We'll also use the getgenderprob() function to add columns for the probability that the author is female (P) using the different apis and the number of times that name showed up in the respective database, which gives us some sense of how certain we can be in the result (Count).
Finally, we'll use pool!, which makes the represenation of factored data (data that has distinct rather than continuous values) a bit more efficient in memory (and will make queries faster later on).
In [54]:
alldata = vcat(bio, comp)
bio = 0
comp = 0
alldata[:izeP], alldata[:izeCount] = getgenderprob(
alldata, "../data/genders/genderize_genders.json", :Author_First_Name)
alldata[:apiP], alldata[:apiCount] = getgenderprob(
alldata, "../data/genders/genderAPI_genders.json", :Author_First_Name)
pool!(alldata)
In julia, we can subset our dataframes pretty easily.

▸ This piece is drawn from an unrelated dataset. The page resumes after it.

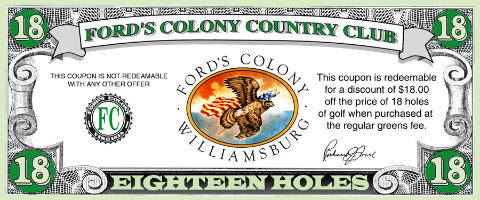Save $18 When You Play 18! Print this page and present it at the Pro Shop for eighteen dollars off the current retail golf rate. Not valid with any other offer, proper attire required, limit ONE per golfer.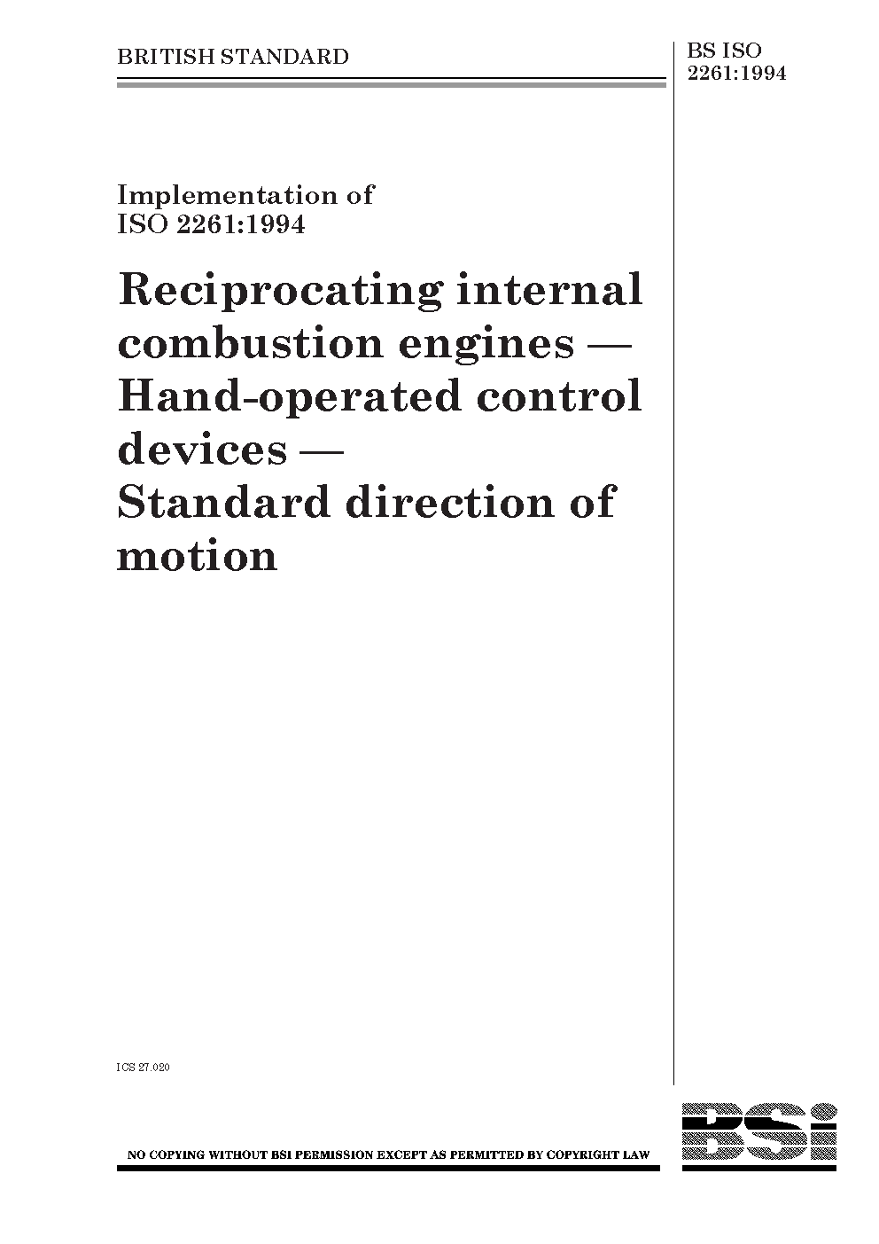 Reciprocating internal combustion engines. Hand-operated control devices. Standard direction of motion

For example, we can pull back out rows for our different datasets.
In [55]:
alldata = alldata[!isna(alldata[:Journal]), :] # remove rows where there's no Journal
biodata = alldata[alldata[:Dataset] .== "bio", :] # get all columns for rows where the Dataset column is "bio"
compdata = alldata[alldata[:Dataset] .== "comp", :]
biodata[1:5, :] # get the first 5 rows, and all columns
Out[55]:
Now we're going to use the plotting package Plots, which allows us to use different plotting backends to take a look. First, we need to reshape the data a little bit to make it easier to plot.
In [57]:
using StatPlots
gr()
izemeans = by(alldata, [:Dataset], df -> DataFrame(MeanPF = mean(dropna(df[:izeP]))))
apimeans = by(alldata, [:Dataset], df -> DataFrame(MeanPF = mean(dropna(df[:apiP]))))
izemeans[:method] = "genderize"
apimeans[:method] = "genderAPI"
allmeans = vcat(izemeans, apimeans)
Out[57]:
The rather complicated expression below makes an ndarray that can be passed to "groupedbar" to make the plot.
In [80]:
ys = hcat([allmeans[allmeans[:Dataset] .== x, :MeanPF] for x in levels(allmeans[:Dataset])]...)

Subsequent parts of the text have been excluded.